Where parity holds — and where it breaks

Z.ai published GLM 5.2 against Opus 4.8 across 19 reasoning, coding, and agentic benchmarks. The deltas (GLM minus Opus, self-reported under matched harnesses) tell the real story:

GLM wins: IMOAnswerBench (+7.5), Terminal-Bench 2.1 best harness (+3.8), AIME 2026 (+3.5).

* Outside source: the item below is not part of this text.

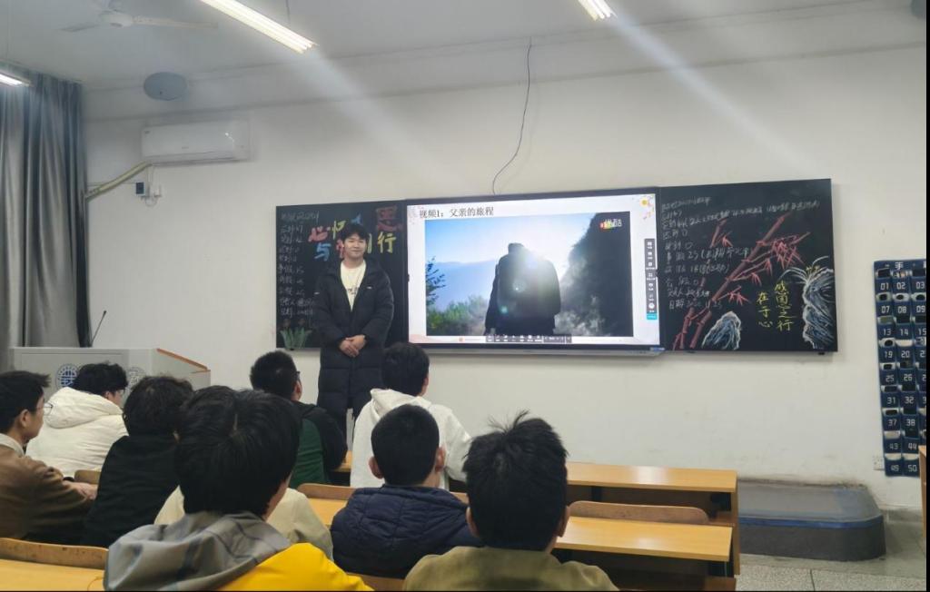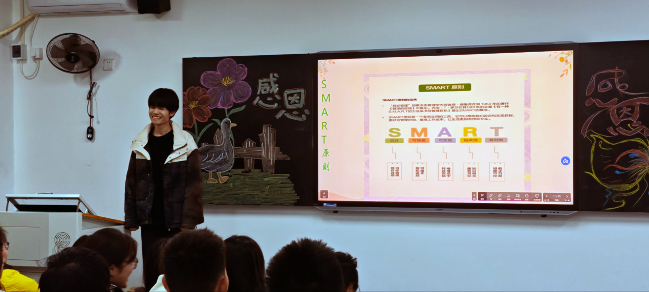 本次班会围绕“感恩引航:从心出发”与“志在追光:规划未来”两大主线展开。活动伊始,主持人从心理学视角阐述了感恩的定义与多重益处,指出感恩不仅能提升幸福感、增强心理韧性,更有助于改善人际关系、促进身心健康。接着通过观看温情视频《父亲的旅程》,同学们深刻体会到了亲情的无私与伟大。随后进行了“感恩接龙”的互动游戏,同学们积极参与,踊跃分享自己想要感恩的人与事,现场氛围温馨动人。在“志在追光”部分,活动聚焦于职业目标与自我管理。通过引入SMART原则与“生涯九宫格”等实用工具,引导学生将感恩转化为前行力量,确立清晰可行的学习与职业目标,并建立“感恩—目标”的良性循环。班会还介绍了“感恩日记”“番茄工作法”与“四象限时间管理法则”,帮助学生建立持续成长习惯,提升学习与生活的效率。活动最后,主持人对本次班会进行总结,鼓励同学们以感恩为舟、以规划为帆,在青春的航程中笃定前行,脚踏实地,心怀暖阳,真正做到“怀恩于心,不忘来处;化恩于行,明辨前途”。

Olympiad-grade math is genuinely at or above the frontier — AIME 2026 lands 99.2 vs 95.7.
Effectively tied: FrontierSWE (−0.7), MCP-Atlas (−1.0).
Opus pulls away as tasks lengthen: SWE-bench Pro (−7.1), Tool-Decathlon (−11.7), DeepSWE (−11.8), SWE-Marathon (−13.0), NL2Repo (−20.8).

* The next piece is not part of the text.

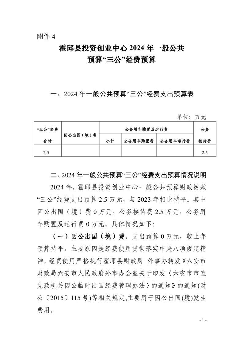 霍邱县投资创业中心2024年一般公共预算“三公”经费预算

That ordering is the whole argument. The evals GLM loses by double digits — SWE-Marathon, NL2Repo, DeepSWE — are the multi-hour, repository-scale, plan-and-hold-it-together tasks. The independent corroboration lines up: CodingFleet reports Opus at 69.2% on SWE-bench Pro to GLM's 62.1%, the same ~7-point gap. On llm-stats' read, Opus 4.8 "wins most benchmarks, with its largest margins on multi-hour software engineering and tool-use tasks."

One data caveat worth stating plainly: these scores are self-reported by Z.ai under harnesses it chose. Treat them as a vendor's best case, not a referee's verdict. The one external anchor — the Artificial Analysis Intelligence Index v4.1 — puts GLM 5.2 at 51, top open-weight model and 5th overall, which is consistent with "frontier-adjacent, not frontier-leading."

The one-shot build that the benchmarks can't fake

The most useful evidence isn't a leaderboard. One reproducible head-to-head (source on GitHub) handed both models the same one-shot prompt: build a 3D platformer in raw WebGL — no Three.js, no engine — a GLB parser, matrix/quaternion math, GLSL skinning shaders, substepped AABB collision, a follow camera. This is a good probe because it tests both things people argue about at once: holding a layered, multi-file build together (the agentic part) and getting engine internals right that look fine but quietly break (the reasoning-and-taste part).

Both shipped a playable game. The deltas are the point:

Metric	GLM 5.2 (Pi/OpenRouter)	Opus 4.8 (Claude Code)
Wall-clock	1h 10m 40s	33m 30s
Output tokens	131,000	216,809
Tool calls	128	153
Cost	$5.39 (billed)	~$21.92 (est. list)

GLM cost roughly a quarter as much. Opus finished in half the time and, per the testers, shipped a cleaner, more correct game. The most telling detail isn't in the table: Opus could check its own visual output, and GLM couldn't — because GLM 5.2 is text-only. When you're debugging a renderer, being able to look at the frame you just produced is not a nice-to-have. That single architectural fact decides a whole category of work.

The developer angle: this is a routing decision, not a swap

Stop framing this as "which model do I switch to." The economics and the capability curve point at a router, and the dividing lines are concrete.

Send to GLM 5.2: high-volume, well-scoped agent turns — codegen for Python and common web frameworks, structured JSON/function-calling loops, refactors that fit in a single large diff (the 131K-token output cap regenerates very large files in one pass), bulk eval runs, anything CI-driven. Output tokens dominate an agent's bill, and that's where the 5.7x gap bites. The often-cited illustration: a workload that's ~$1,000/day on Opus output lands near $176/day on GLM. Crucially, the $1.40/$4.40 rate holds across Z.ai, Novita, and Friendli, so it's a property of the model, not one vendor's promo.

Keep on Opus 4.8: multi-hour autonomous runs over a large repo, novel-strategy planning, and anything touching images — screenshots, PDFs, UI state, or a model inspecting its own rendered output. Those are Opus-only jobs today.

The open-weights dividend is the part no benchmark captures. MIT weights on Hugging Face and ModelScope, servable on vLLM, SGLang, KTransformers, or Transformers, mean you can fine-tune, quantize, run air-gapped, and pin a version forever. For regulated data that can't leave your network, that outweighs the entire benchmark table. And it's an insurance policy against the closed-model failure mode — a provider deprecating or restricting a model you built a product on. Weights you've downloaded can't be retired out from under you.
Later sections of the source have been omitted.